### TASK REQUIREMENTS
Start at the first line below and write out everything verbatim except the pictures.

### GIVEN DATA
*** Block opens ***
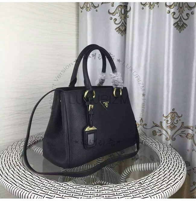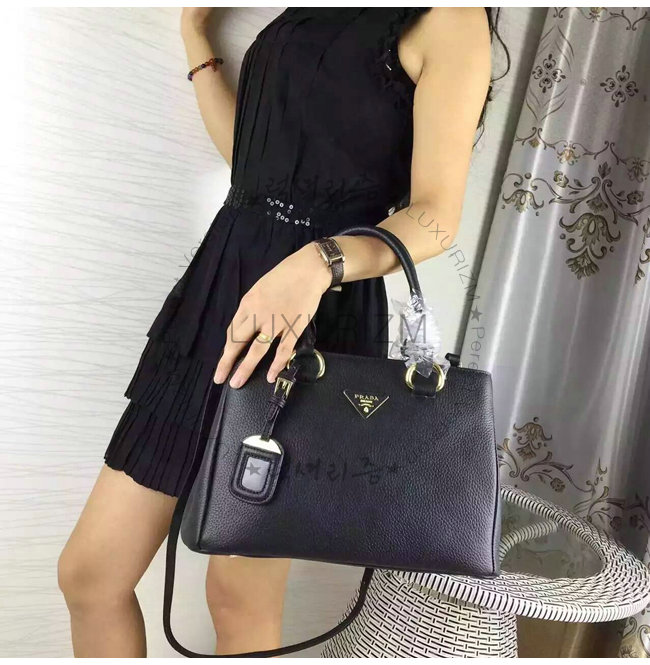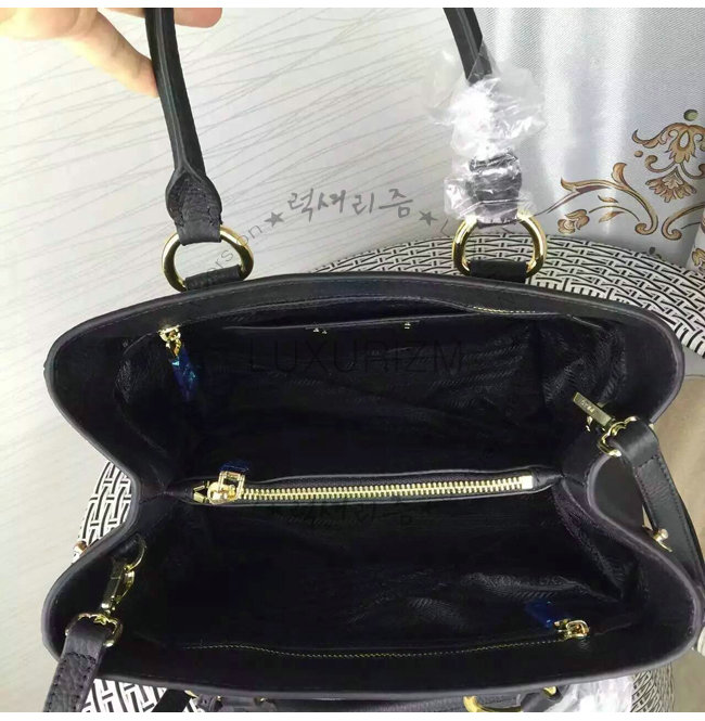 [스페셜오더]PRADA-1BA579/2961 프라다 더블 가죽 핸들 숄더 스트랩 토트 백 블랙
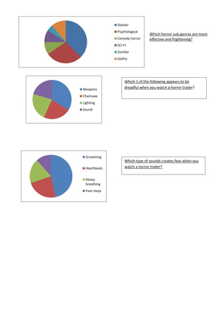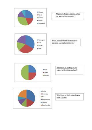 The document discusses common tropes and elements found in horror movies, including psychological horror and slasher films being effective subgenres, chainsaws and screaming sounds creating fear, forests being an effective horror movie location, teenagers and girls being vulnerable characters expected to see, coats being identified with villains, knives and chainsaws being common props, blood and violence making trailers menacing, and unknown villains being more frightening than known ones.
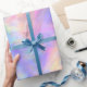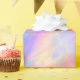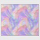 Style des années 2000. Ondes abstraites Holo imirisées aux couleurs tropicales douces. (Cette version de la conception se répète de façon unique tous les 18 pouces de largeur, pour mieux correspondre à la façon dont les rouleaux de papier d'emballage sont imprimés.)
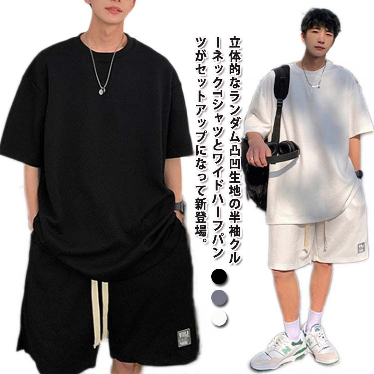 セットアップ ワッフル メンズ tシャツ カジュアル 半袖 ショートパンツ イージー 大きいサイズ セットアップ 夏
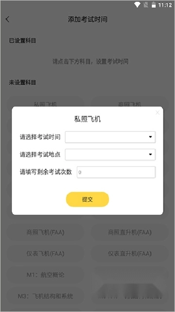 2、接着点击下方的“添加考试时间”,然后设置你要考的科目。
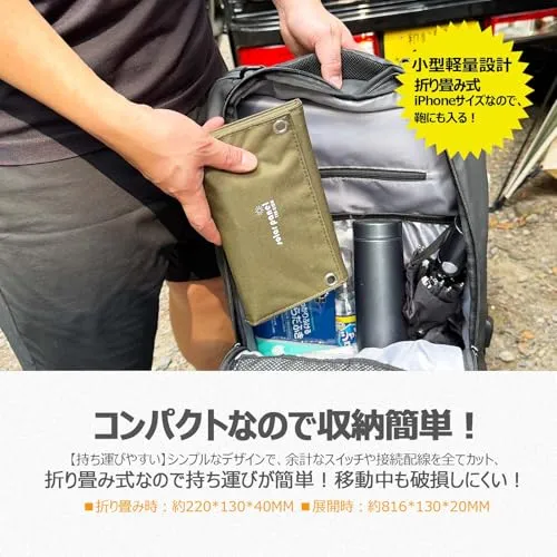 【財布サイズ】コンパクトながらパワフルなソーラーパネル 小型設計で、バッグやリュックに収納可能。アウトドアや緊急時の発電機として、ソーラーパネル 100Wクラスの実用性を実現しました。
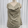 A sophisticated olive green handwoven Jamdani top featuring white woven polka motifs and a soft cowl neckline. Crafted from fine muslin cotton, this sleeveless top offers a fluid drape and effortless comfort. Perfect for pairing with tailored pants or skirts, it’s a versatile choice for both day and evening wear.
*** Block closes ***
### SOLUTION FOR THIS TASK
 [스페셜오더]PRADA-1BA579/2961 프라다 더블 가죽 핸들 숄더 스트랩 토트 백 블랙
 The document discusses common tropes and elements found in horror movies, including psychological horror and slasher films being effective subgenres, chainsaws and screaming sounds creating fear, forests being an effective horror movie location, teenagers and girls being vulnerable characters expected to see, coats being identified with villains, knives and chainsaws being common props, blood and violence making trailers menacing, and unknown villains being more frightening than known ones.
 Style des années 2000. Ondes abstraites Holo imirisées aux couleurs tropicales douces. (Cette version de la conception se répète de façon unique tous les 18 pouces de largeur, pour mieux correspondre à la façon dont les rouleaux de papier d'emballage sont imprimés.)
 セットアップ ワッフル メンズ tシャツ カジュアル 半袖 ショートパンツ イージー 大きいサイズ セットアップ 夏
 2、接着点击下方的“添加考试时间”,然后设置你要考的科目。
 【財布サイズ】コンパクトながらパワフルなソーラーパネル 小型設計で、バッグやリュックに収納可能。アウトドアや緊急時の発電機として、ソーラーパネル 100Wクラスの実用性を実現しました。
 A sophisticated olive green handwoven Jamdani top featuring white woven polka motifs and a soft cowl neckline. Crafted from fine muslin cotton, this sleeveless top offers a fluid drape and effortless comfort. Perfect for pairing with tailored pants or skirts, it’s a versatile choice for both day and evening wear.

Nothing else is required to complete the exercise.